Records from a dataset

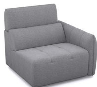
B150R (102 cm x 91 cm x 102 cm)
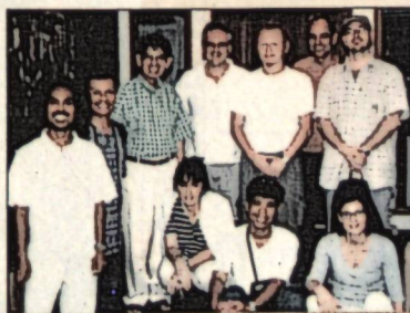
Slikar sa svojim studentima nakon izložbe njihovih radova
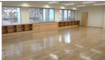
木工室もフローリングになっていました。
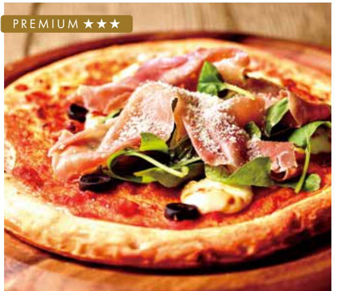
プロシュート マスカルポーネ
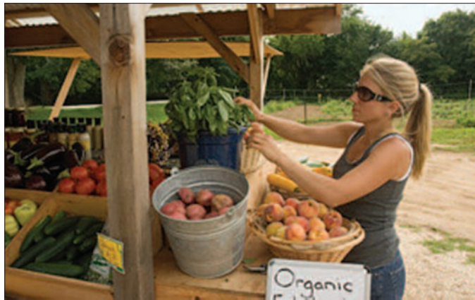
Под органском производњом ни пола процента коришћеног пољопривредног земљишта

Највише се извози воће ниског степена прераде – концентрати воћних сокова, сушена купина, вишња, малина, биље и печурке, као и смрзнута шљива, малина, купина, јагода, вишње и пире од дуња.
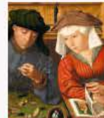
Le prêtre et sa femme 814
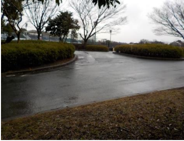
出入口①の状況 1車線分の道路幅がある
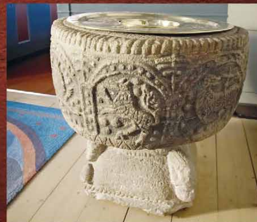
Dopfund med fabeldjursdekor. Font with fabulous animals. Mit Fabeltieren verziertes Taufbecken.
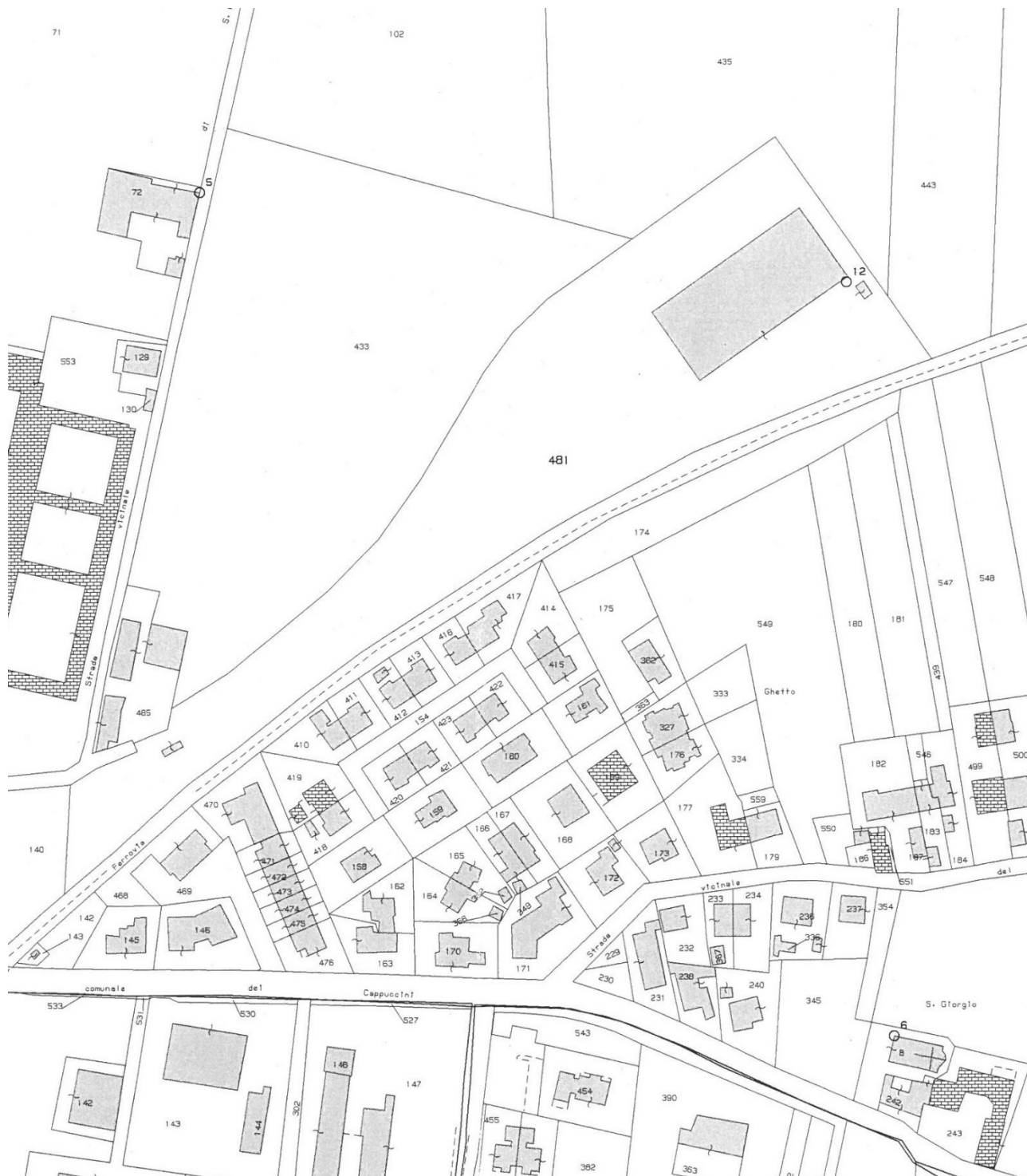
Estratto Mappa – Comune di Guastalla, foglio 10, mappale 481.

Allo stato attuale presso la Ferrovia Parma-Suzzara a Guastalla in via F. Da Volterra, Foglio n° 10 mappale 481, esiste un fabbricato destinato a officina meccanica per la manutenzione del materiale rotabile (treni).
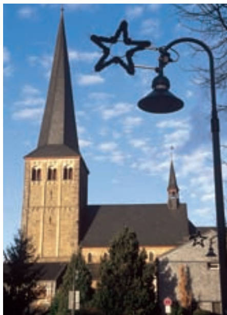
Pfarrkirche St. Margareta in Neunkirchen
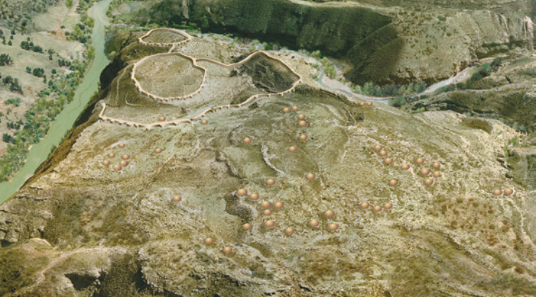
Reproduction infographique aérienne de la nécropole de Los Millares
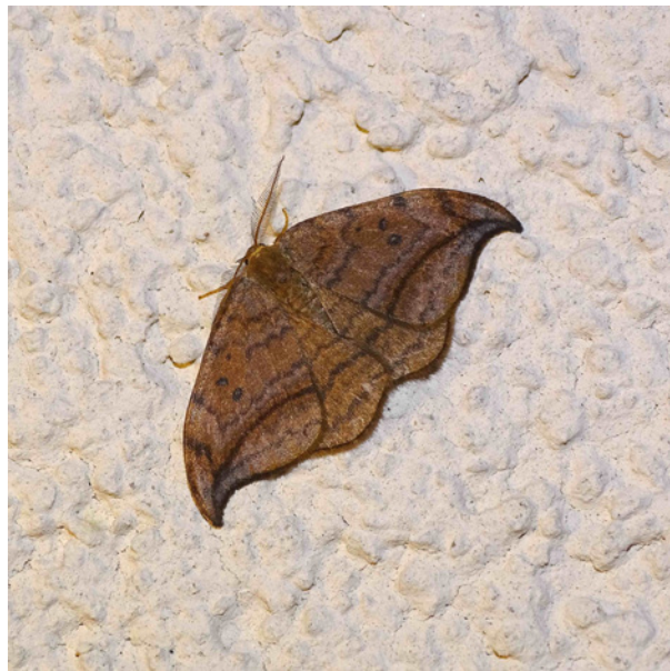
Erlen-Sichelflügler.
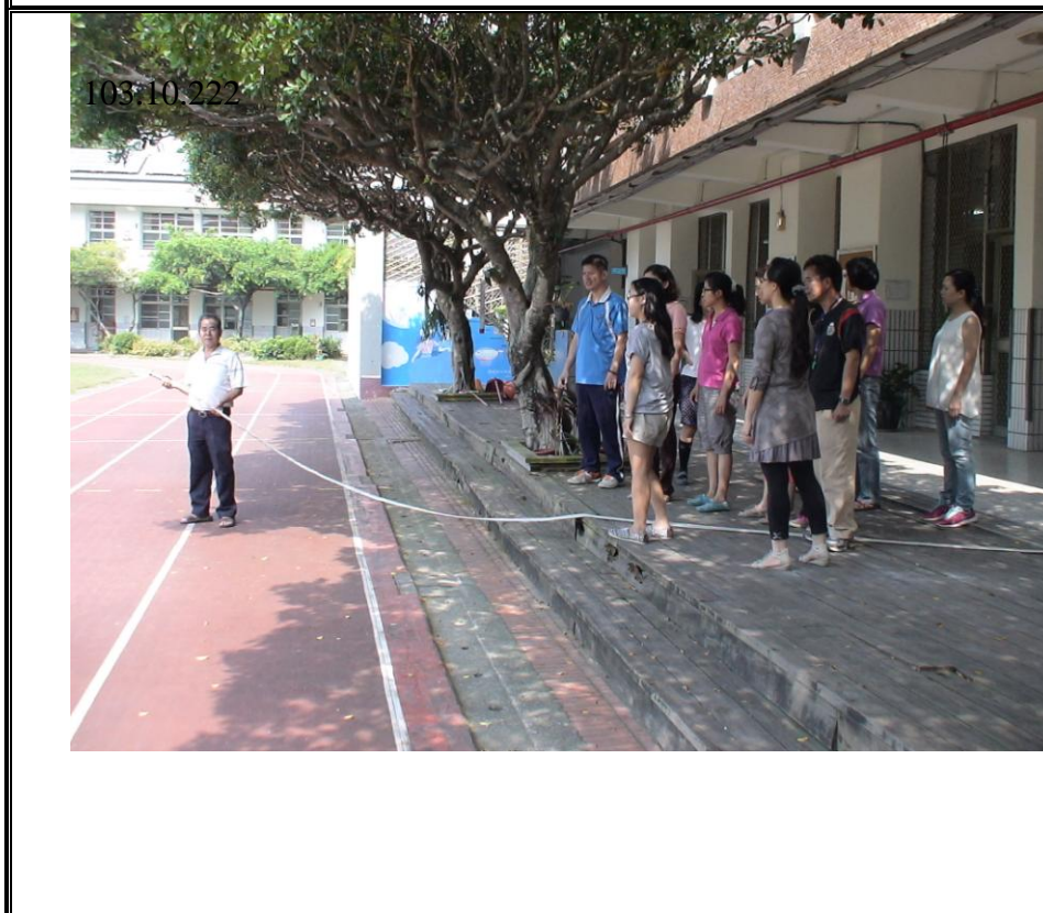
說明：消防栓使用說明演練
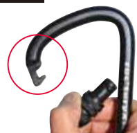
フック式ゲートの トライアングルシリーズ
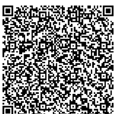
ミックンの絵本も ぜひ読んでね♪
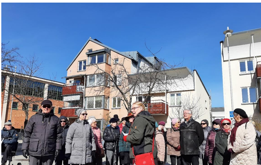
Runt omkring finns både gamla och nya byggnader.
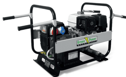
KIT BARELLABILE HANDLES KIT
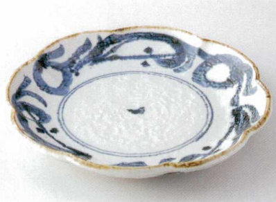
テ172-15 波唐草8.5皿 26cm 2,850円 テ172-16 波唐草7.0皿 23cm 2,200円
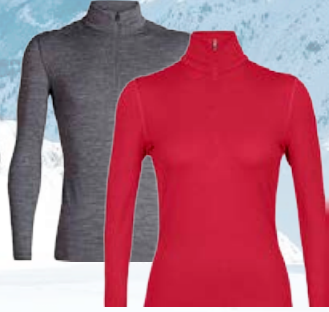
Oasis hálfrennd 15.990 kr.
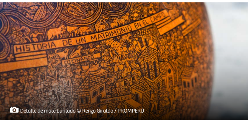
Detalle de mate burilado

* WORK REQUIRED
Return the total number of lines in the records that contain "mappale", without any explanation.

* RESPONSE TO THIS EXERCISE
2